Setting up a basic taxonomy on this site.

DocPad is incredibly flexible. So flexible, that it can be a challenge to get started.

I'd urge everyone to begin with the very helpful Getting Started guide. Rather than rehash that, I'll share how I've used DocPad to set up this site.

Content Types

I've organized my content into four major categories:

  • Posts: Regular blog posts.
  • Projects: Major projects I'm working on.
  • Pictures: Pictures, galleries, etc.
  • Pages: Supporting pages. About, Contact, etc.

The document types will be presented with different layouts and separate index pages.

File Structure


To start, I've created sub-folders for each document type.


DocPad uses collections to manage sets of documents. Index pages, recent posts, posts tagged with..., are derived from a collection.

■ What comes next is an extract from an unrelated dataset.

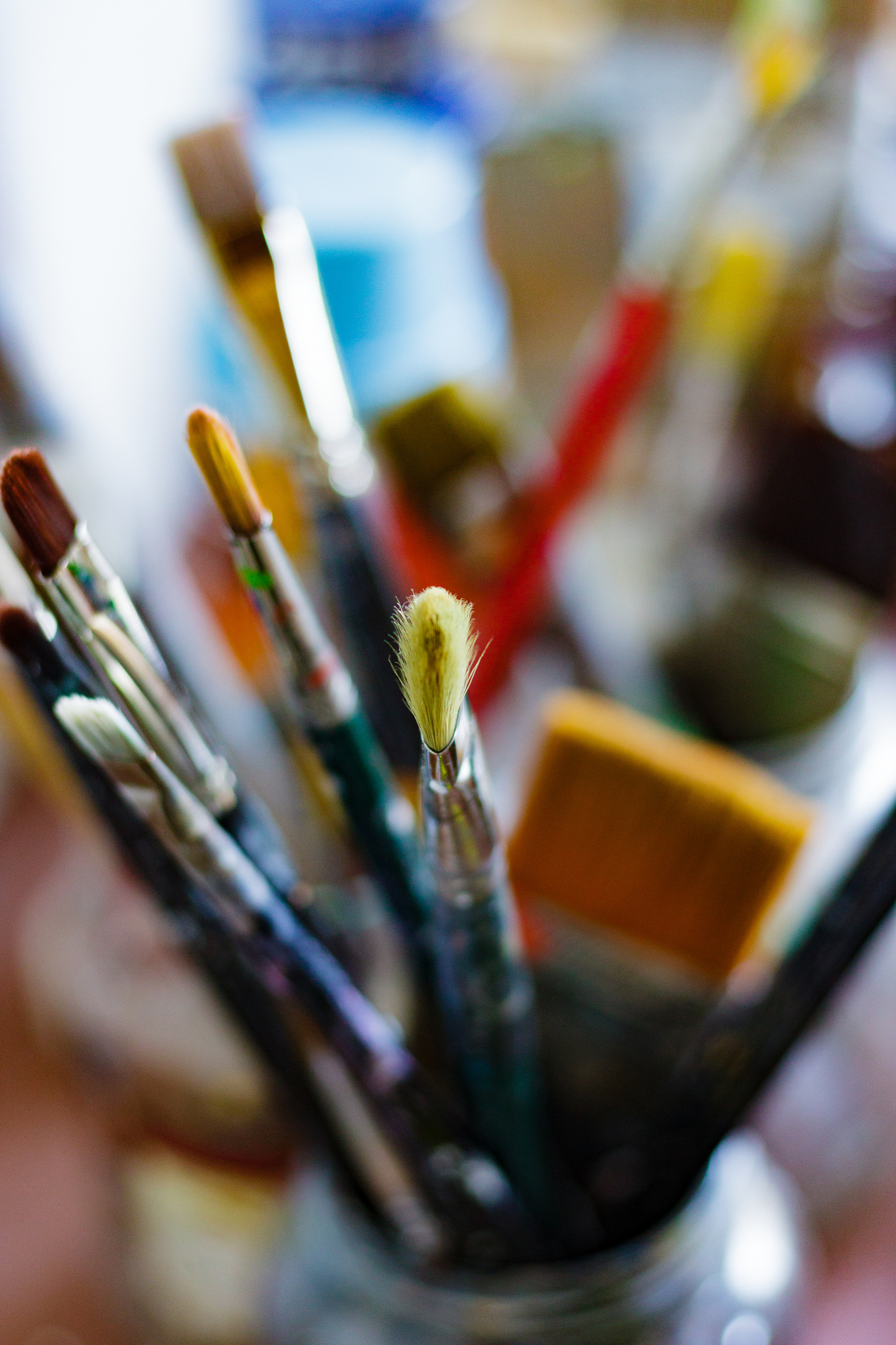 Paintbrushes in a jar

DocPad collections are based on an extension of Backbone.js Collections called QueryEngine. QueryEngine is very powerful, and I recommend reading the guide. In the meantime, I hope my examples will be clear enough to get started.

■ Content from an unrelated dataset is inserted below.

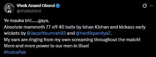 Vivek Oberoi wrote, "Ye mauka bhi..….gaya. Absolute mammoth 77 off 40 balls by Ishan Kishan and kickass early wickets by @Jaspritbumrah93 and @hardikpandya7 . My ears are ringing from my own screaming throughout the match! More and more power to our men in Blue! #IndvsPak (sic)."
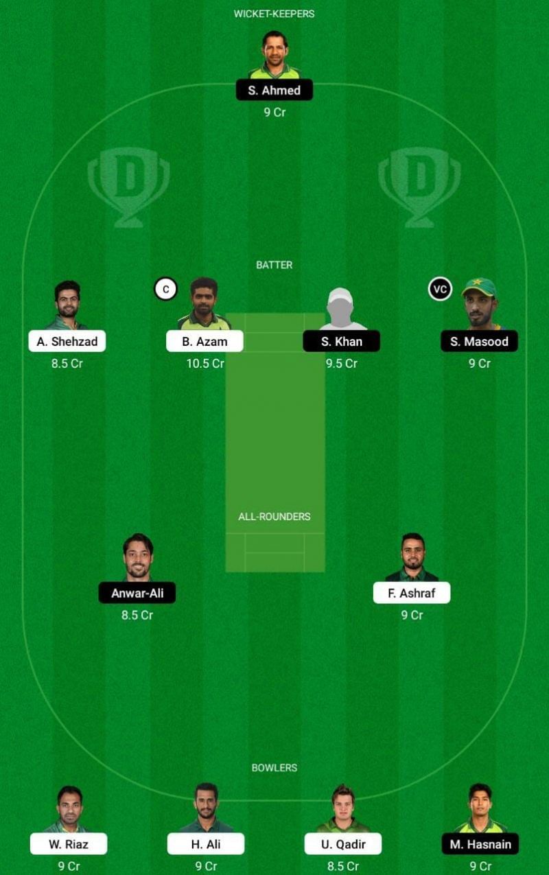 Fantasy Suggestion #1: S Ahmed, B Azam, S Khan, A Shehzad, S Masood, A Ali, F Ashraf, W Riaz, H Ali, M Hasnain and U Qadir

The easiest way to use collections is to define them in the docpad configuration file.

Beginning with posts, I have set up a collection (using CoffeeScript):

    posts: ->
        @getCollection("html").findAllLive({relativeOutDirPath: 'posts'},[{date:-1}])

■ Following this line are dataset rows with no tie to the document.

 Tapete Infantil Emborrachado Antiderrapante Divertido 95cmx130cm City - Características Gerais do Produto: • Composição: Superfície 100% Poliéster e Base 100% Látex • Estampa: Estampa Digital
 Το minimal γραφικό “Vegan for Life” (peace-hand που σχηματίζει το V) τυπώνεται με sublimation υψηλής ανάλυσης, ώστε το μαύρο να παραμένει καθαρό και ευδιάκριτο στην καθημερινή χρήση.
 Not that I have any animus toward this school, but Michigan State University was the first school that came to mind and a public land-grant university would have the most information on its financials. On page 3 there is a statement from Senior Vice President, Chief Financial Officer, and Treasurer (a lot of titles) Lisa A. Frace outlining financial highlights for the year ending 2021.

Let's look at this in more detail:

  • I've defined a collection called posts.
  • @getCollection("html") gets the parent collection. In this case, a default DocPad collection called html that contains all the html documents on the site. This is a common starting point.
  • .findAllLive() is the method used to find documents for a collection.
  • {relativeOutDirPath: 'posts'}: The first parameter of findAllLive is the query used to filter the collection. relativeOutDirPath is the directory the document will be output into. Since I put my posts into the posts directory, that's what I'll search for.

    The DocPad documentation has a list of available metadata fields.

    You also have access to any metadata specified in the document's YAML front matter. We'll look at an example later.

  • [{date:-1}]: The second parameter specifies collection sorting. In this case, sorting by date, in reverse order.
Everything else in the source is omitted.